Details
-
Bug
-
Resolution: Unresolved
-
Medium
-
None
-
Lustre 2.15.6
-
None
-
EL9.5, 2.15.6+ clients; EL7.9 2.15.4+ servers
-
3
-
9223372036854775807
Description
When running multiple lfs find and lfs migrate in parallel against different files (well unless there is a defect in our tool, no duplicate lfs migrate should be occurring here), I'm seeing a significant number of unexpected failures from lfs migrate with ESTALE. Just using the same lfs migrate command later seems to work just fine:
Example of one error:
failed-oak-h05v17.log:'/oak/.../Lib5_CKDL200148350-1a-5_H7HGYCCX2_L8_1.nodup.pr2_x_ctl_for_rep2.300K.bfilt.num_peak.qc' # RC=116 # FID [0x2f80002c8e:0x1fd36:0x0] # parent MDT=2 error: lfs migrate: /oak/.../Lib5_CKDL200148350-1a-5_H7HGYCCX2_L8_1.nodup.pr2_x_ctl_for_rep2.300K.bfilt.num_peak.qc: cannot swap layout: Stale file handle
On the client (oak-h05v17), lustre debug reports a single hit with this FID:
00000080:00020000:5.0:1764639414.857890:0:2439796:0:(file.c:241:ll_close_inode_openhandle()) oak-clilmv-ffff9b58dedc7000: inode [0x2f80002c8e:0x1fd36:0x0] mdc close failed: rc = -116
No hit in the MDT logs though (without using debug levels).
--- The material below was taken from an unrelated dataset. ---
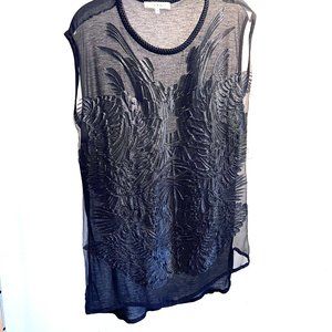 IRO Paris Silk Blend Black Sleeveless Burn Out Wing Patterned Top Sz 38 Medium

Launching the lfs migrate command manually succeeds:
# lfs getstripe /oak/.../Lib5_CKDL200148350-1a-5_H7HGYCCX2_L8_1.nodup.pr2_x_ctl_for_rep2.300K.bfilt.num_peak.qc
/oak/.../Lib5_CKDL200148350-1a-5_H7HGYCCX2_L8_1.nodup.pr2_x_ctl_for_rep2.300K.bfilt.num_peak.qc
lmm_stripe_count: 1
lmm_stripe_size: 1048576
lmm_pattern: raid0
lmm_layout_gen: 0
lmm_stripe_offset: 254
obdidx objid objid group
254 1492854 0x16c776 0x4280000402
# lfs migrate -D -n --copy=/oak /oak/.../Lib5_CKDL200148350-1a-5_H7HGYCCX2_L8_1.nodup.pr2_x_ctl_for_rep2.300K.bfilt.num_peak.qc
# lfs getstripe /oak/.../Lib5_CKDL200148350-1a-5_H7HGYCCX2_L8_1.nodup.pr2_x_ctl_for_rep2.300K.bfilt.num_peak.qc
/oak/.../Lib5_CKDL200148350-1a-5_H7HGYCCX2_L8_1.nodup.pr2_x_ctl_for_rep2.300K.bfilt.num_peak.qc
lcm_layout_gen: 3
lcm_mirror_count: 1
lcm_entry_count: 2
lcme_id: 1
lcme_mirror_id: 0
lcme_flags: init
lcme_extent.e_start: 0
lcme_extent.e_end: 549755813888
lmm_stripe_count: 1
lmm_stripe_size: 1048576
lmm_pattern: raid0
lmm_layout_gen: 0
lmm_stripe_offset: 515
lmm_objects:
- 0: { l_ost_idx: 515, l_fid: [0x8440000400:0xe47f93:0x0] }
lcme_id: 2
lcme_mirror_id: 0
lcme_flags: 0
lcme_extent.e_start: 549755813888
lcme_extent.e_end: EOF
lmm_stripe_count: 32
lmm_stripe_size: 1048576
lmm_pattern: raid0
lmm_layout_gen: 0
lmm_stripe_offset: -1
Is it possible that there is a race condition when many lfs migrate are running in parallel, invalidating some cache? Could this -116 related to ll_close_inode_openhandle() be a clue?